Public high school in Sarangani, Philippines

Alabel National Science High School is the Regional Science High School for Region XII situated in Alabel, Sarangani, Philippines.

==History==
Alabel National Science High School was established in Alabel, Sarangani Province through RA 8078, authored by the late Congressman James L. Chiongbian. It was conceived in 1995, primarily, to cater the intellectually capable students of Sarangani Province and nearby areas. Classes were formally organized and began on June 3, 1996. Students are intensively screened and mostly belong to the upper 10% of the graduating pupils of the elementary schools in the region.
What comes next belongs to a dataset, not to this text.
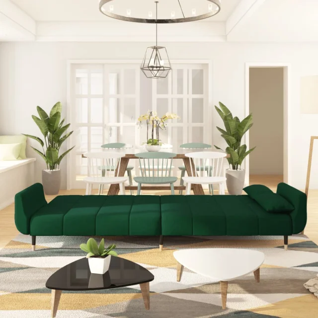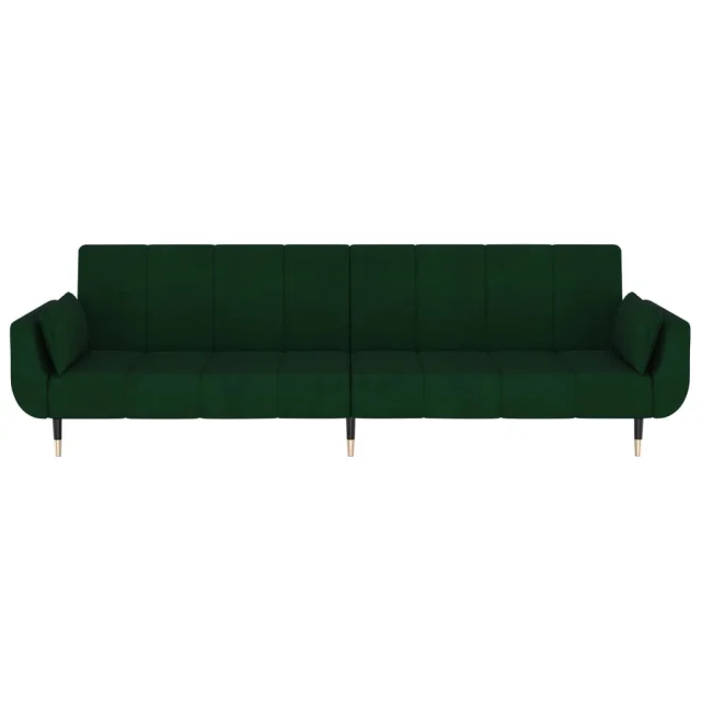 vidaXL Raztegljiv kavč dvosed z blazinama temno zelen žamet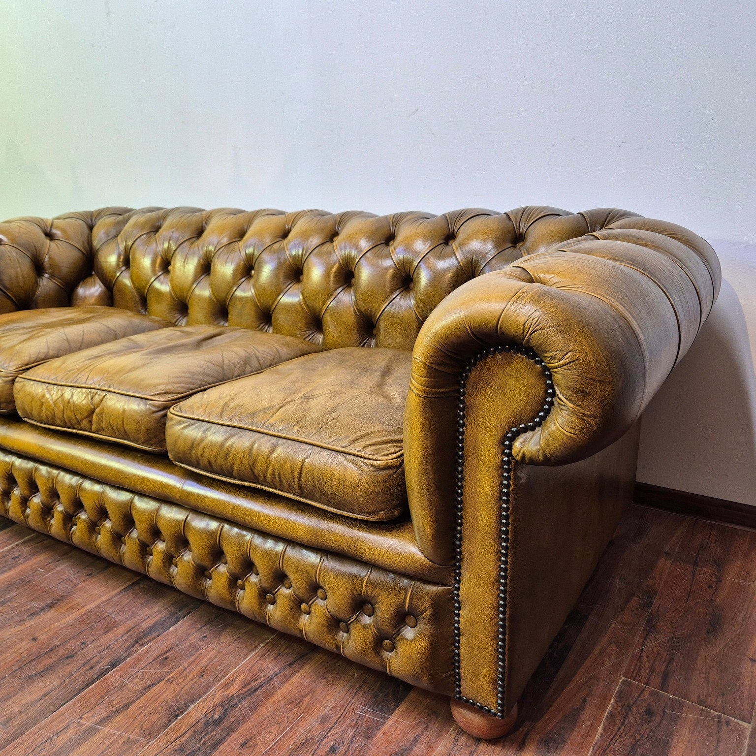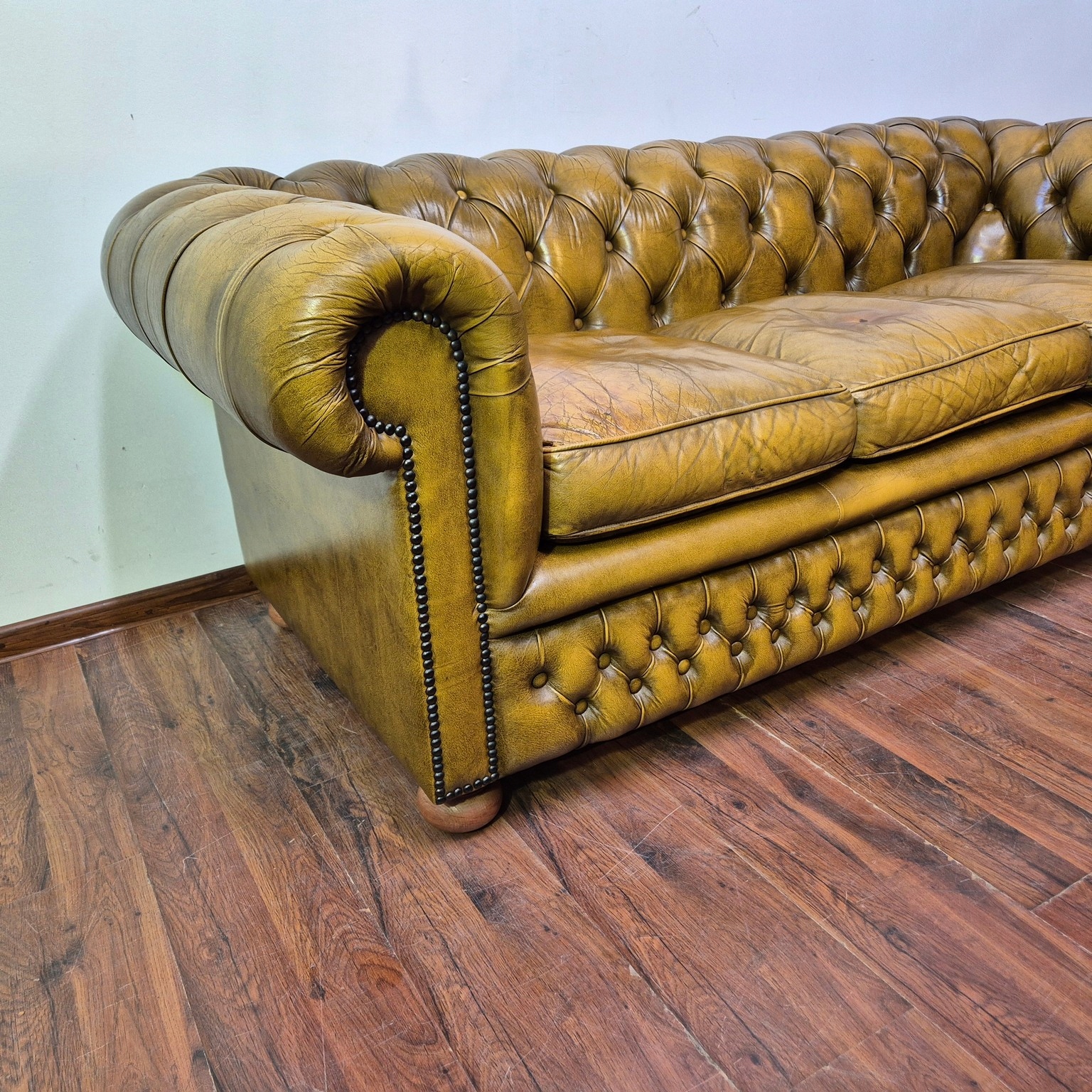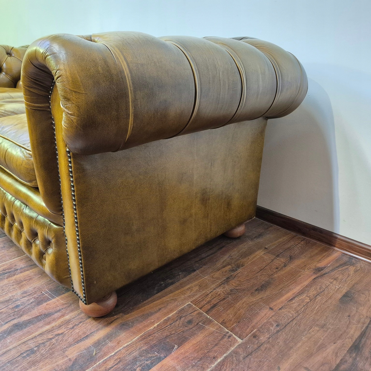 Красивый диван Честерфилд. Франция происхождения. Жирный материал. Натуральная кожа. Стоина характеризуется невероятной элегантностью. Очень хорошая мебель.

The school started its operation with zero budget. Funds for the maintenance and operation of the school were sourced out from private individuals, GOs, NGOs and LGUs of Alabel, Malapatan, and Sarangani Province. Textbooks, books, chairs and other school needs were provided by nearby high schools and DECS Division Office. Teachers were borrowed from Alabel National High School and it was staffed on a part-time basis by the principal of Kling National High School.

The school received its first budget in CY 1997, with appropriations for salaries of three teacher items and ₱45,000 allotment for school maintenance and other operating expenses (MOOE), until finally, the school was allotted appropriations for salaries of four teacher items and ₱1,122,000.00 for MOOE in the 1999 General Appropriation Act.

On June 1, 1999, through DECS Order No. 58, the school was designated as the Regional Science High School for Region XI effective SY 1999–2000, in replacement of Philippine Science High School in Mintal, Davao City which was previously identified as the Regional Science Competition.

During SY 1999–2000, the school has finally occupied its newly constructed building worth ₱5 million, erected at a 5-hectare school site donated by the benevolent Alcantara Family. The school has a water system and school cafeteria with a total budget of ₱3 million. This project, worth ₱8 million, was constructed through the CDF of the late Hon. Congressman James L. Chiongbian.

On August 6, 2002, when the Soccsksargen area was turned over to Region XII, the Alabel National Science High School became the Regional Science High School for Region XII.